A s a palliative care doctor in NYC during the beginning of the pandemic, my typical greeting response of “I’m fine” was speedily replaced with “I’m hanging in there.” It seemed slightly less false (because who’s really “fine” amid a global pandemic?), and soon it was the only response I heard throughout the hospital. The truth is that I was quite literally falling apart, the furthest from “fine” I’d ever been. I had lost all sense of self and purpose, swept up in the enormity of the suffering I witnessed every day, coupled with the spiraling anxiety that I couldn’t control the events of the world, much less my own emotions. I saw no way out, and the deeper I withdrew, the more I was trapped in a quarantine of my mind’s own making.

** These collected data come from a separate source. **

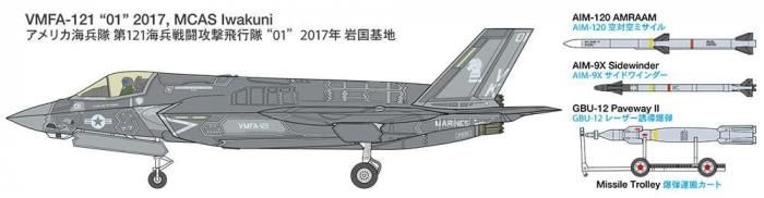 【 模型要目 】 F-35Bのプラスチックモデル組み立てキットです。★1/72スケール、全長217mm、全幅150mm。★ステルス機特有の先進的な姿をリアルにモデル化。★エンジンノズルは下方に向けた状態にも組み立てられ、リフトファン空気吸入口や補助空気吸入口などは開閉選択式。短距離離陸/垂直着陸時の状態を再現できます。★GBU-12レーザー誘導爆弾など兵装類も豊富に用意。★キャノピーや爆弾倉ドアも開閉が選べます。★レーダー波吸収シートのパターンは主要な部分をデカールで表現。★タミヤ製のパイロット人形1体、米海兵隊のマーキング2種類付き。
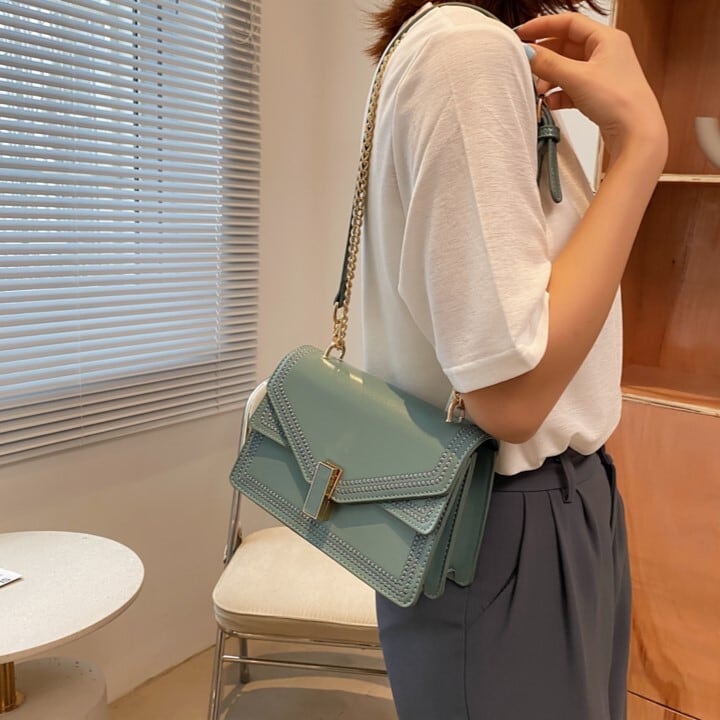 中が仕切られ収納しやすいスクエア型のハンドバッグです
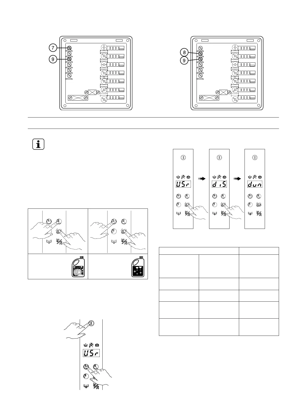 • Connect the rinse-aid dispenser between terminals 8 and 9.
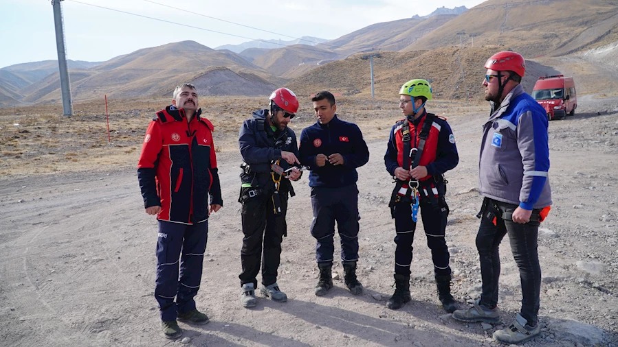 Kayseri Büyükşehir Belediyesi İtfaiye Daire Başkanlığı ve Erciyes AŞ işbirliğinde personele halatla kurtarma eğitimi verildi.
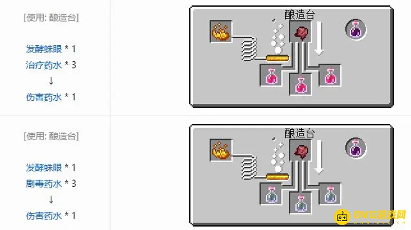 2,而伤害药水需要发酵蜘蛛眼加上治疗药水或者剧毒药水酿造。
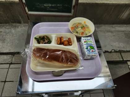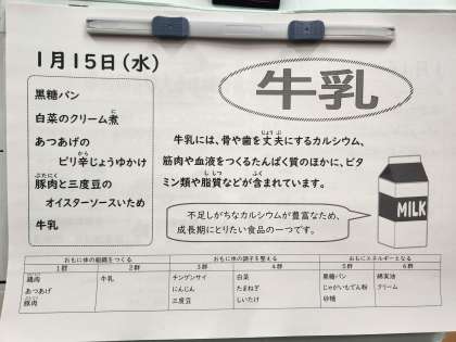 今日の給食の献立は、黒糖パン、白菜のクリーム煮、あつあげのピリ辛じょうゆかけ、豚肉と三度豆のオイスターソースいため、牛乳でした。
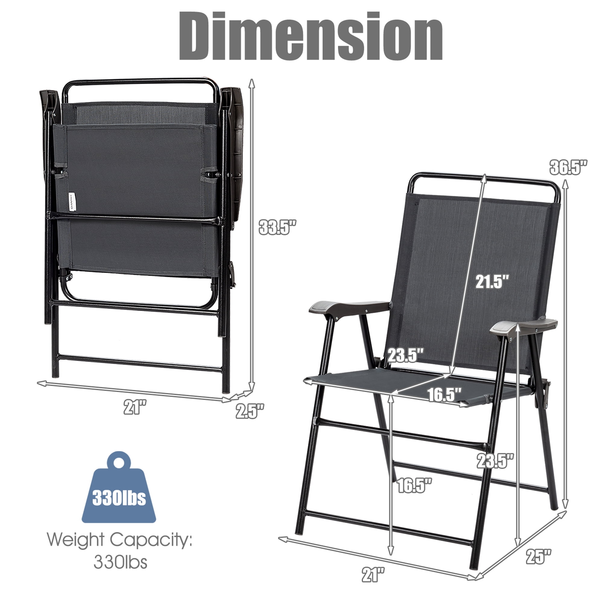 Description: Are you still looking for relaxing yet practical chairs for a big party outside? Our set of 4 patio folding chairs is perfect for your outdoor activities. Crafted of solid steel frame and breathable fabric, this folding chair is sturdy and durable for long term use. The sloping backrests make you feel relaxed and comfortable when leaning on it. More importantly, the spacious seat provides comfortable sitting experience. Besides, you can fold it in a short time when you are not using it. It is portable and easy for you to store in small area. Perfect for backyard, patio or anywhere you want to relax, this chair set is an ideal choice for you to enjoy leisure time with your family. Do not hesitate to buy one! Features: Curved armrests and reclining backrests provide ultra comfort Breathable and weather-resistant fabric material Powder-coated steel frame ensures sturdiness No assembly required and easy to clean Specification: Color: Grey Material: Steel + Fabric Overall Dimension of Chair: 21”(L) x 25”(W) x 36.5”(H) Folding Size: 21”(L) x 2.5”(W) x 33.5”(H) Height from Armrest to Ground: 23.5” Net Weight: 32.5 lbs Weight Capacity of Chair: 330 lbs Package includes: 4 x Folding Chair
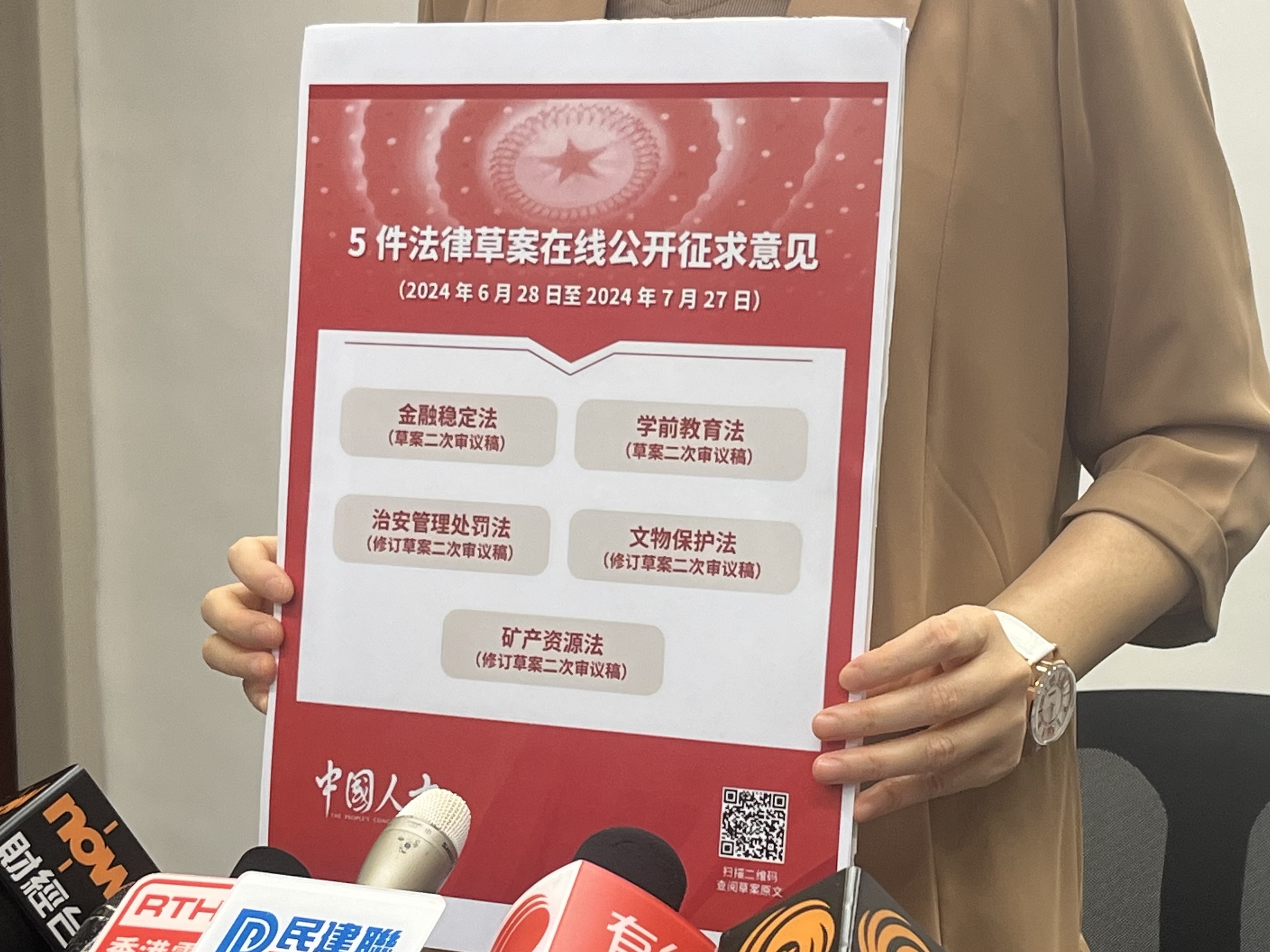 (大公文匯全媒體記者 鄭洢林 報道)全國人大常委會委員李慧琼今日(29日)見媒體,分享總結出席十四屆全國人大常委會第十次會議感受。她表示,本次會議主要審理並通過多部法例,亦有五件法案在線公開徵求意見,分別是《學前教育法》(修訂草案)、《金融穩定法》(修正草案)、《治安管理處罰法》(修正草案)、《文物保護法》(草案)、《礦產資源法》(草案)。李慧琼指,這體現國家「全過程人民民主」,市民可在二審期間,通過中國人大網反映對相關法案的意見。
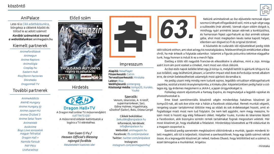 Szeptember 22-én megjelent a magazin 63. száma. Jó szórakozást hozzá!
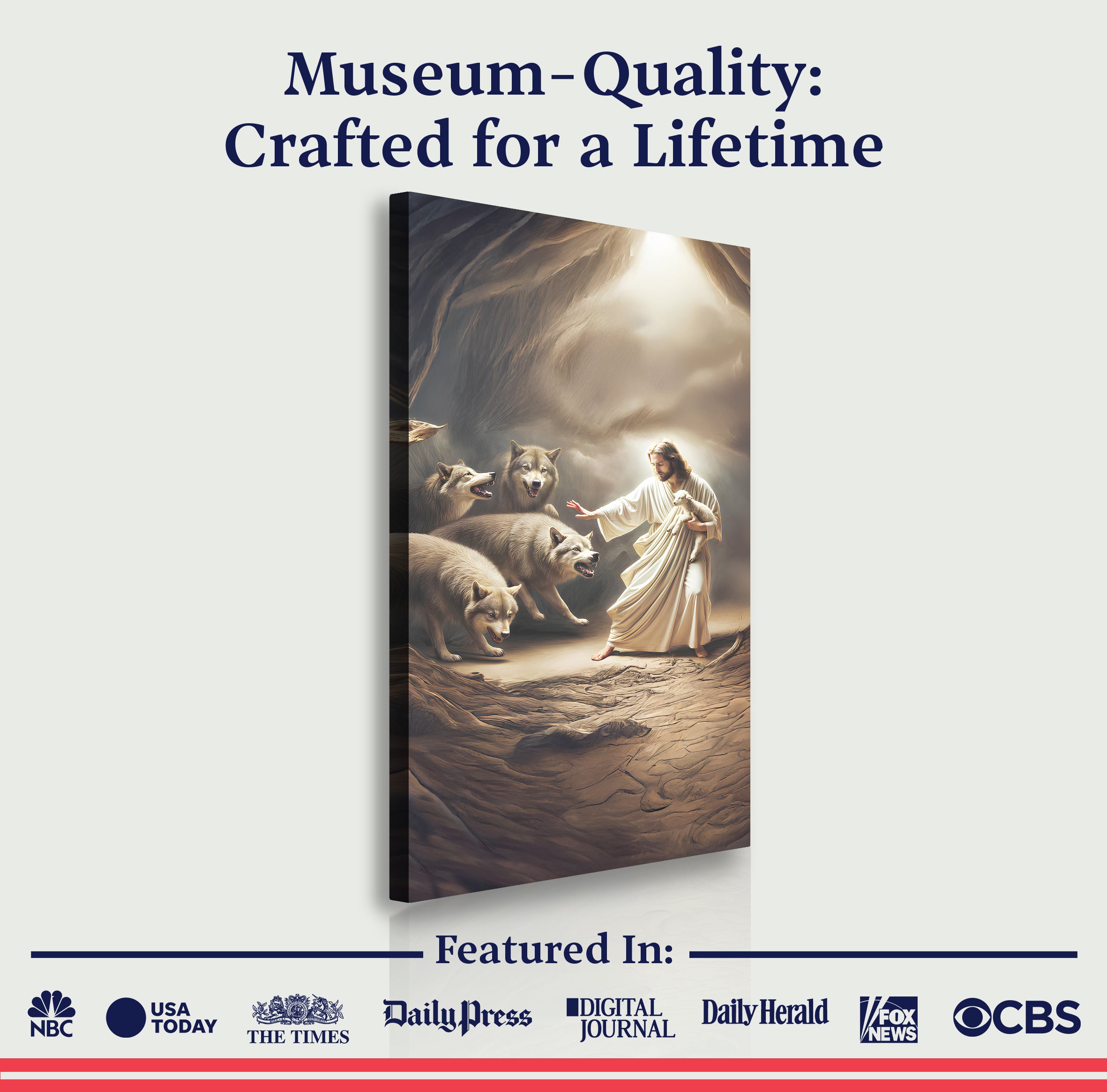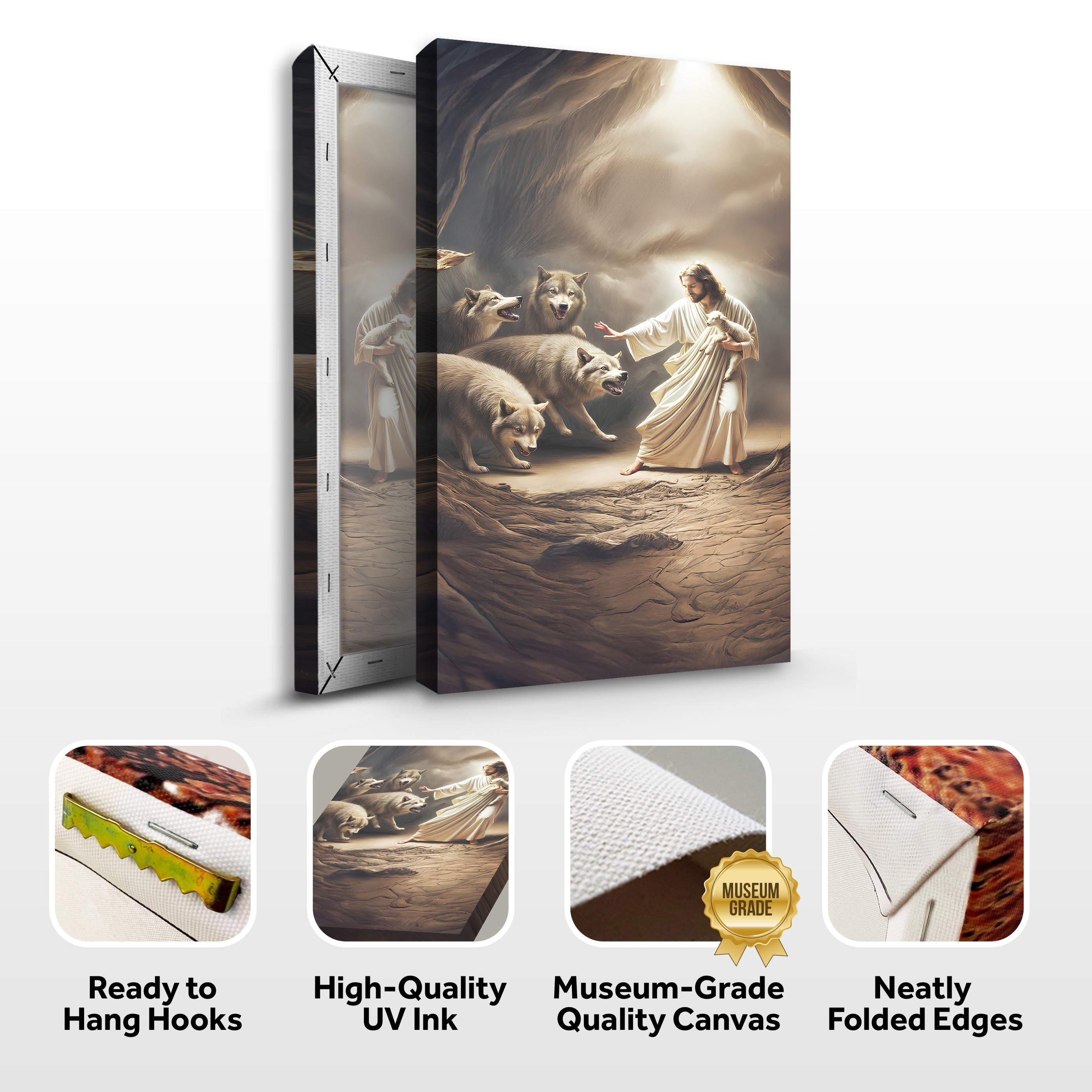 Jesus Protects The Lamb From Wolves Faith Wall Art VII
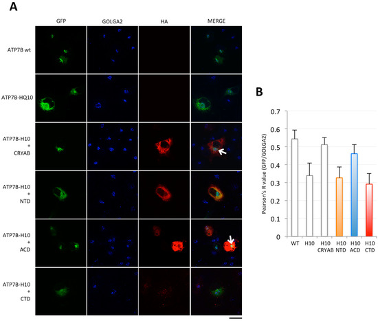 The α-Crystallin domain of CRYAB rescues Golgi localization of ATP7B-H1069Q mutant. (A) immunofluorescence analysis of COS7 cells transfected to express GFP-tagged ATP7B or ATP7B-H1069Q (ATP7B-H10) alone, or co-transfected to express full-length HA-tagged CRYAB or the isolated HA-tagged N-terminal (NTD), α-crystallin (ACD) and C-terminal (CTD) domains, as indicated on the left. After fixation, the cells were processed for triple confocal immunofluorescence analysis to reveal the Golgi complex with the marker GOLGA2. Note that the CTD was expressed at much lower level. White arrows point to region of GFP and GOLGA2 overlapping signal. Scale bar: 10 μm; (B) colocalization analysis of GFP and GOLGA2 signals (mean ± SD, n = 20 cells from two independent experiments). Abbreviations as in A.
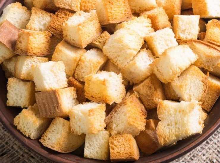 Poi aggiungi il pane tostato, basterà tagliarlo a dadini e lasciamo tostare in una padella ampia e antiaderente. Serviamo e gustiamo, ricorda di aggiungere delle foglie di basilico fresche.
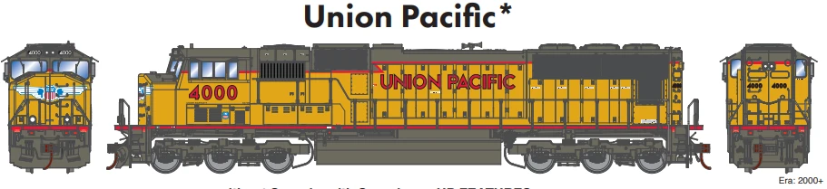 This release of UP SD70Ms depicts units from the first order, with early (non flared) SD70M bodies in their as-built appearance. For later-era operations, a consumer-applied GPS dome is included.
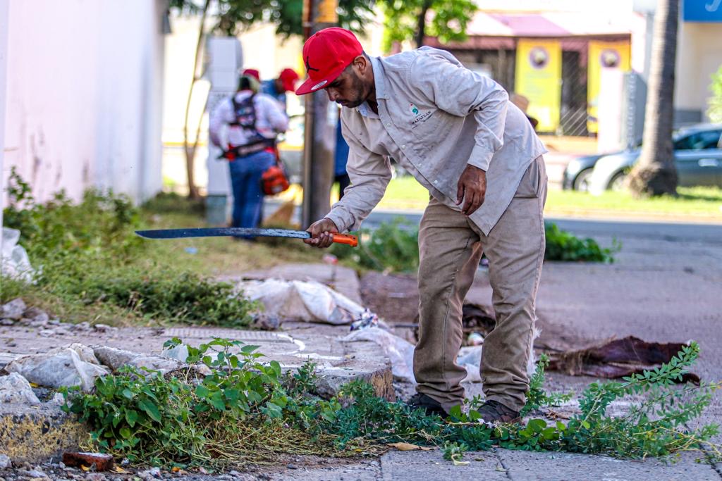 Mazatlán, Sinaloa, 7 de octubre de 2023.- Mantener la vía pública de colonias y fraccionamientos de la ciudad limpias, libres de maleza, con buena imagen y brindar con ello mayor seguridad a la población es parte de los objetivos de la Dirección de Servicios Públicos.
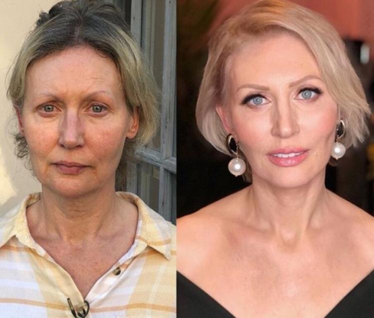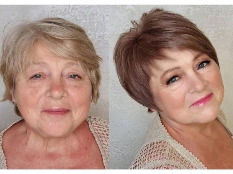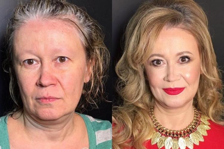 У цьому випадку знадобилася комплексна робота візажиста, перукаря та колориста. Жінці підібрали стрижку, що краще пасує до форми обличчя, і більш гармонійний колір волосся. У макіяжі акцент зробили на очі та рівний, свіжий тон шкіри.
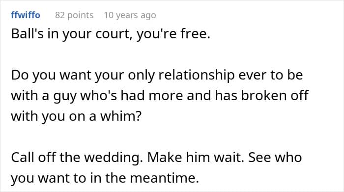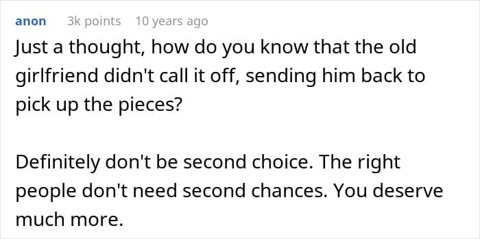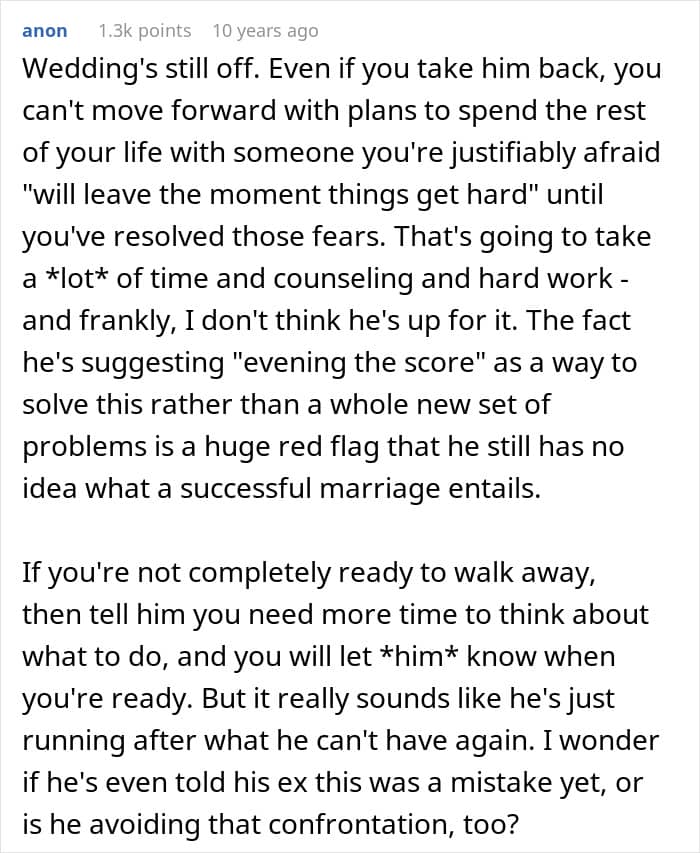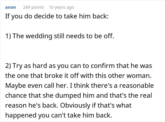 The woman’s fiancé said it himself: “I was in love with what she represented.” He admitted to having feelings for the idealized version of his high school sweetheart, something he may have conjured up himself.

A minuscule deviation from our own truth may not mean much at the moment. Perhaps we don’t even realize that we’re not as put together as we think. But over time, the lies we tell ourselves are akin to little cracks in the glass window to our souls. These cracks grow and expand with each added insult and life pressure until a tipping point is reached, and the next fracture causes the pane to shatter into a thousand pieces. As innocent and routine as these mistruths feel, the soul keeps track.

After months of psychotherapy and introspection, I’ve landed on a new phrase that is kinder and gentler and allows for the possibility of simply being human. On days when my world is upside down, my head is screwed on sideways, and the sum total of my calorie intake and bathroom breaks is a golden goose egg, I now say: “It sucks, and I’m doing what I can.”

It acknowledges that life isn’t peonies and butterflies and that in this very moment when I’m feeling pretty crummy, it sucks. The second half offers up the compassion we don’t often give ourselves. We’re doing what we can with the resources that we have. It merely allows for the situation as is, without pretense or expectation.

Language matters. What we say to ourselves matters. “It sucks, and I’m doing what I can” wasn’t the panacea that lifted me from the depths of despair, but it jump-started the process toward recovery, because I finally acknowledged my feelings rather than pushing them aside.

Go ahead, tell yourself, “This is the breadth of the human experience, and I’m only human.” There is immense beauty and strength in that vulnerability.